When we were there IN 2019 and walked across the battlefield, you could see just how ideal it was for an ambush
Carrington noticed it too when he went to retrieve the bodies, and in his notes he describes – in lurid, gruesome detail – the mutilations that they had suffered, many of which had been committed while the victims were likely still alive.
When they were disconnecting me and unplugging me, they talked about my “unwillingness” to become involved in the more gruesome parts of this dialysis procedure.

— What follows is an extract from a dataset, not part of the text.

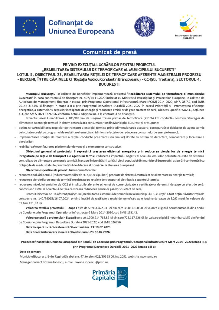 REABILITAREA SISTEMULUI DE TERMOFICARE AL MUNICIPIULUI BUCUREȘTI” LOTUL 5, OBIECTIVUL 23, REABILITAREA REȚELEI DE TERMOFICARE AFERENTE MAGISTRALEI PROGRESU – BERCENI, ÎNTRE CĂMINELE Cl 10(stația Metrou Constantin Brâncoveanu) – CC4(str. Trestiana), SECTORUL 4, BUCUREȘTI

They talked about sending the psychiatrist to see me and asked if I would like that. Well, apart from the fact that I think that anyone who wants to see a psychiatrist needs his head examined, I am actually quite comfortable with my problems. And if anyone can help me overcome them it won’t be a trick cyclist. I shall have to do it myself.

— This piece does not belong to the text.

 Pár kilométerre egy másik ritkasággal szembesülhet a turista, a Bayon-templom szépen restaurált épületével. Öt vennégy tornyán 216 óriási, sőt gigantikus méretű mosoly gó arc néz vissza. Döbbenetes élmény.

It was a silent drive back here with a very taciturn chauffeur, and then my cleaner watched as I fought my way upstairs alone
And Rosemary had sent me a message. She tells me that this morning she saw the snow on the Puy de Sancy. Winter’s on the way already.
Having mentioned Aberystwyth’s disaster last night, it’s even worse because Y Fflint surprisingly beat Hwlffordd this afternoon to pull away up the table.
Tea was, for a change, a burger on a bun. It’s been a while since I’d had one of those, made with the stuff that my friend in Munich had sent me ages ago. I’d made it up and then frozen the burgers to use bit by bit.
And my roly poly was delicious too.
So now I’m off to bed – when I’ve dictated the radio notes that I’ve written during the week. High time I went back to work
But on this psychiatry thing, the last time I was there they gave me the Rorschach test
The psychiatrist showed me a photo of an ink-stain and asked "what’s this?"
"Rorschach test image number six" I replied
"Ohh come on" he urged. "Be serious"
"OK" I said. "It’s a loaf of bread"
"And this?"
"A dragonfly"
"And this?"
"An octopus"
"And this?"
"Eeeuurrgg" I shuddered. "That’s an evil parasite that sucks out the lifeblood of human beings and gorges itself on their energy and shrinks the willpower …"
The psychiatrist looked at the card. "I’m very sorry" he said. "But that’s a photo of my wife"
"But was I close?"
"You were close"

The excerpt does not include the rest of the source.